One of the first things I hear from clients is, “I just want what’s fair.”
I understand that instinct. When a relationship ends, fairness feels like the minimum requirement. It feels rational. Grounded. Justified.
After years working as a divorce, coparenting, and mediation coach, it is my opinion that fair does not exist in family law and the very concept of “fair” is part of what keeps many of my clients stuck.
Family Law Is Not a Justice System
Many people come into separation believing the legal system will sort out right from wrong. That it will recognize sacrifice. That it will validate betrayal. That it will somehow correct the emotional imbalance that occurred in the relationship.
It will not.
Family law seeks to divide property according to legislation, calculate support based on formulas and it structures parenting around what is in the best interest of the children.
As a coach, part of my role is helping clients separate their emotional need for justice from the legal reality of resolution.
Resolution does not come from the concept of fairness. It is derived from the parties’ ability to be flexible, reasonable and forward focused.
What Does “Fair” Even Mean?
“Fair” is subjective. It means something different to everyone, and this is the problem.
While one may say that “fair” means:
Recognition of what I contributed.
Accountability for what I endured.
Equal parenting time.
A financial outcome that reflects sacrifice.
Someone else may say “fair” means:
Stability for the children.
A fresh start.
Financial breathing room.
Predictability.
Both perspectives feel valid and reasonable.
But the legal system does not reconcile emotional definitions of fairness. It applies statutory frameworks and assesses risk.
When negotiations stall, it is rarely about numbers alone. It is about competing emotional narratives wrapped in the word “fair.”
The Emotional Cost of Chasing Fairness
I have seen people spend tens of thousands of dollars pursuing something that, at its core, was about feeling acknowledged. They weren’t fighting for money. They were fighting for validation.
Family law is not designed to deal with feelings. While divorce is a very emotional process, there’s no place for emotion when it comes to family dispute resolution.
When “fair” becomes the benchmark, conflict escalates. Communication deteriorates. Co-parenting suffers. Stress compounds and legal fees inevitably escalate.
And often, the final outcome still does not feel fair.
The Shift: Fair Enough
What I encourage my clients to ask instead is:
Is this fair enough to move forward? “Fair enough” changes the energy in the room.
It acknowledges that:
Litigation carries risk.
Legal fees matter.
Emotional bandwidth is finite.
Conflict is catastrophically harmful to children
A resolution does not need to feel perfect to be powerful. It needs to be workable.
“Fair enough” is about strategy and moving forward. It’s about choosing to put this chapter behind you and rebuild your life.
Good Enough Is Healthy, Especially in Parenting
In parenting negotiations, the pursuit of perfection can be particularly damaging.

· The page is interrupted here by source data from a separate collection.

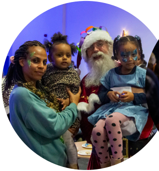
Storehouse Christmas Party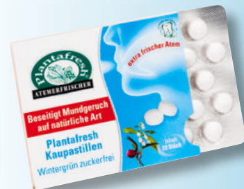
Plantafresh classic sugar-free Based on wintergreen and bloodroot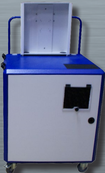
LOGIRACK LCD with printer on extended shelf and PISTOL GRIP MOUNT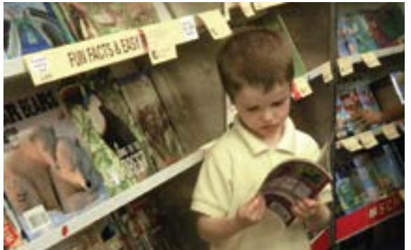
Choosing a book at the Library's Book Fair is serious business...

Courts are not looking for perfect parents. They are looking for stability, safety, and a structure that supports children, and so too should you, when proposing a parenting plan.
Children benefit far more from reduced conflict than from one parent achieving a symbolic victory.
A “good enough” parenting plan that lowers hostility and increases predictability is often far healthier than a “perfect” plan reached after prolonged litigation.
Perfection fuels control.
Good enough supports growth.
Stop Expecting The Courts to Make You Whole Again
One of the hardest truths that I coach my clients to accept is that the legal system will not restore emotional equilibrium.
It will not give back the years you invested.
It will not decide who loves your children the most
It will not repair betrayal.
It will create a framework for your next chapter, but it is not likely to give you the sense of a “win”.
When clients release the expectation that the system will deliver justice, something powerful happens. They stop trying to win the past and start building the future.
Managing Expectations Is a Strength
From a coaching perspective, managing expectations is not pessimism. It is protection.
When you stop asking:
Is this fair?
Did I win?
Was I vindicated?
And start asking:
Can I live with this?
Does this reduce conflict?
Does this protect my children?
Does this allow me to rebuild?
You shift from reaction to intention.
Most durable settlements leave both parties slightly dissatisfied. That discomfort is often the sign of balance. If one person feels triumphant, the other is likely to continue fighting — and conflict does not end with a signature.
“Fair enough” creates closure.
“Good enough” creates stability.
Change Your Perspective
You are not weak for accepting a resolution that is fair enough. You are wise to do so.
Divorce is not about achieving justice. It is about achieving sustainable peace.
If your outcome allows you to move forward with dignity, protect your children, and reclaim emotional energy for your next chapter, then THAT is the win.